AIM OF THE TASK »
Without the pictures, copy all of the data exactly.

GIVEN MATERIAL »
══════════

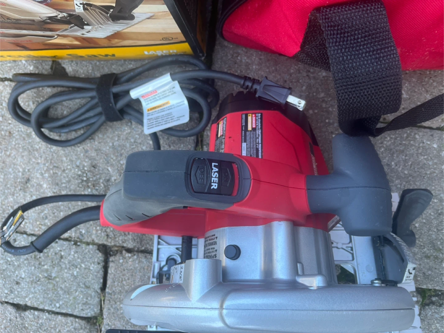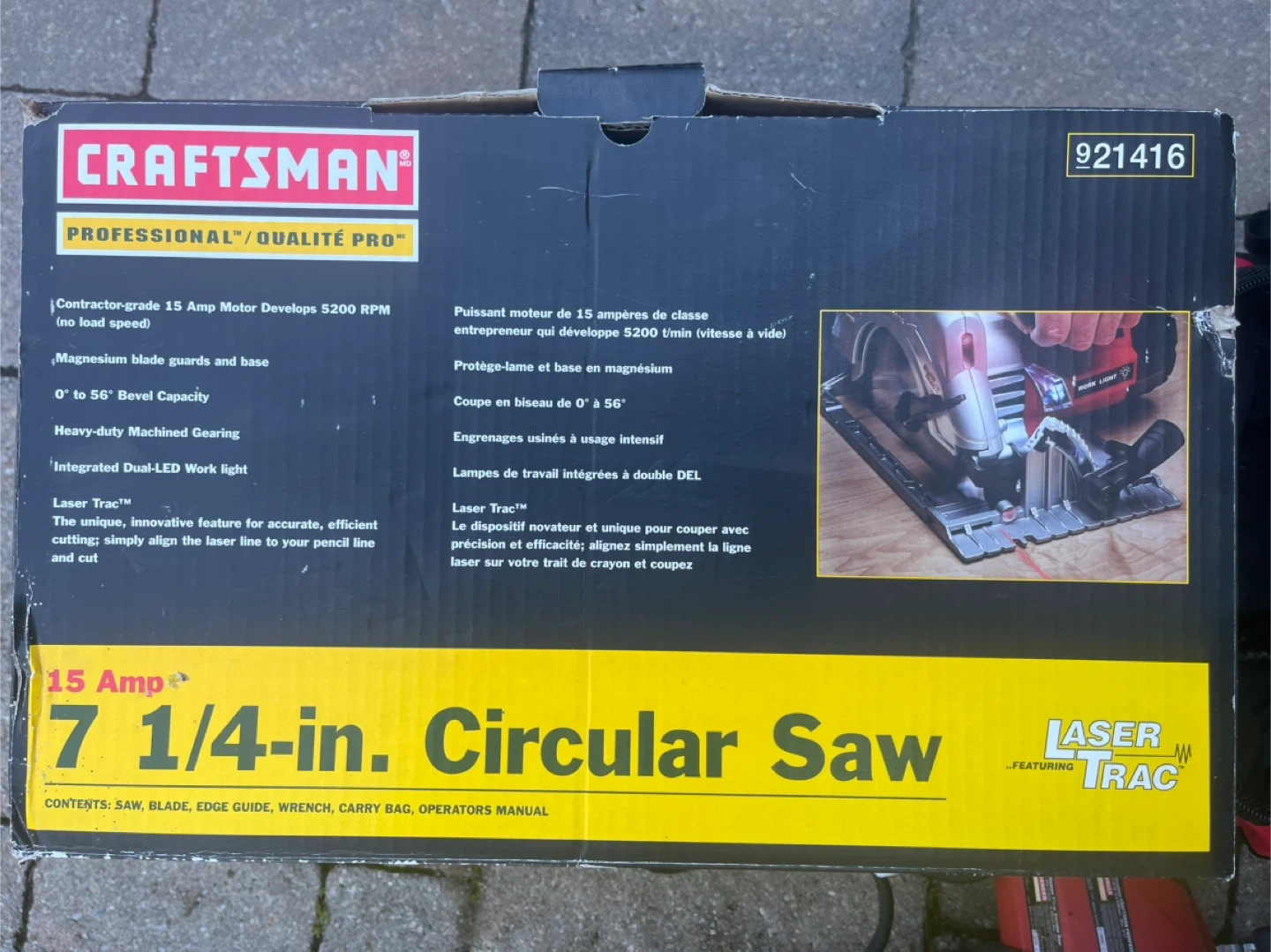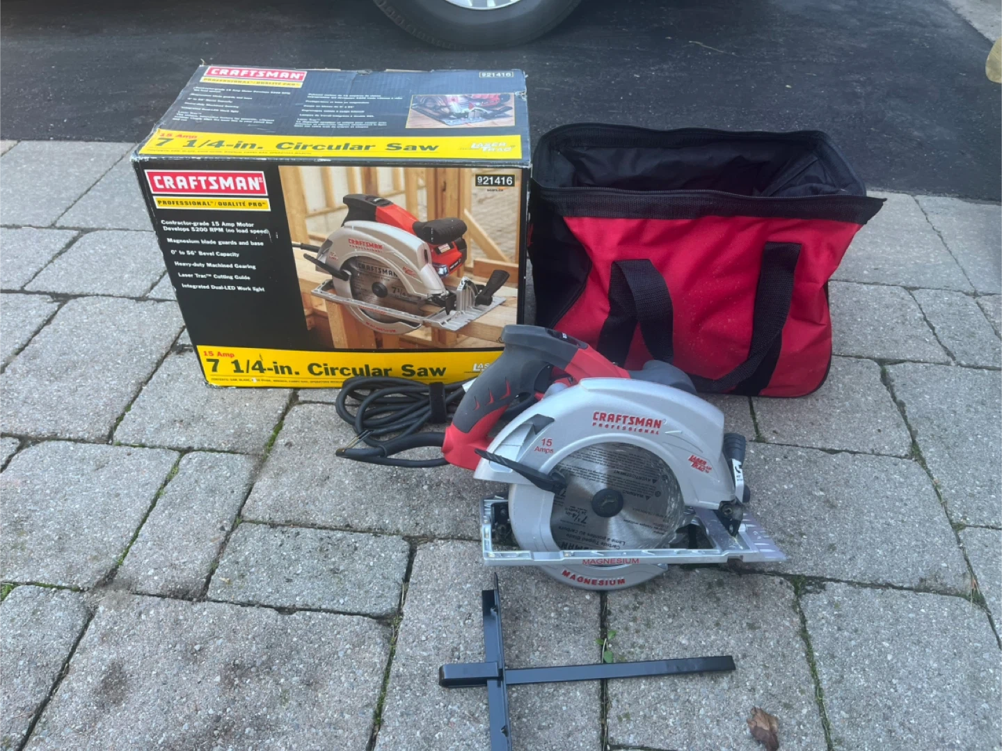 Selling a Craftsman 7 1/4-in. circular saw. It features Laser Trac for accurate cuts. - 15 Amp motor - Magnesium blade guards and base - 0° to 56° Bevel capacity - Integrated Dual-LED work light Comes with the saw, blade, edge guide, wrench, carry bag, and operator's manual
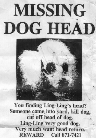 Du finden Ling-Lings Kopf? Kommen jemand in Hof, töten Hund, schneiden ab Kopf von Hund! Ling-Ling immer gewesen gut Hund! Gerne gerne wieder möchten haben Kopf!
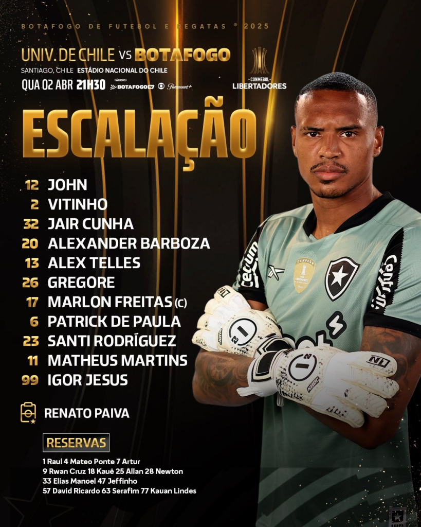 O Botafogo está escalado para enfrentar a Universidad do Chile, pela estreia da Libertadores. Renato Paiva dá indícios de rodagem do time titular com Santi Rodríguez e Matheus Martins no 11 inicial.
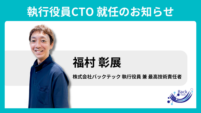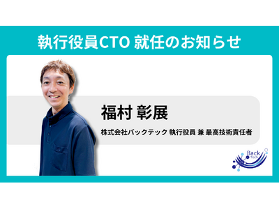 株式会社バックテック(本社:東京都港区、代表取締役CEO:福谷直人 以下、「バックテック」)は、事業成長に向けて、福村 彰展がバックテックの執行役員CTOに就任したことをご報告いたします。

══════════

EXPECTED ANSWER »
 Selling a Craftsman 7 1/4-in. circular saw. It features Laser Trac for accurate cuts. - 15 Amp motor - Magnesium blade guards and base - 0° to 56° Bevel capacity - Integrated Dual-LED work light Comes with the saw, blade, edge guide, wrench, carry bag, and operator's manual
 Du finden Ling-Lings Kopf? Kommen jemand in Hof, töten Hund, schneiden ab Kopf von Hund! Ling-Ling immer gewesen gut Hund! Gerne gerne wieder möchten haben Kopf!
 O Botafogo está escalado para enfrentar a Universidad do Chile, pela estreia da Libertadores. Renato Paiva dá indícios de rodagem do time titular com Santi Rodríguez e Matheus Martins no 11 inicial.
 株式会社バックテック(本社:東京都港区、代表取締役CEO:福谷直人 以下、「バックテック」)は、事業成長に向けて、福村 彰展がバックテックの執行役員CTOに就任したことをご報告いたします。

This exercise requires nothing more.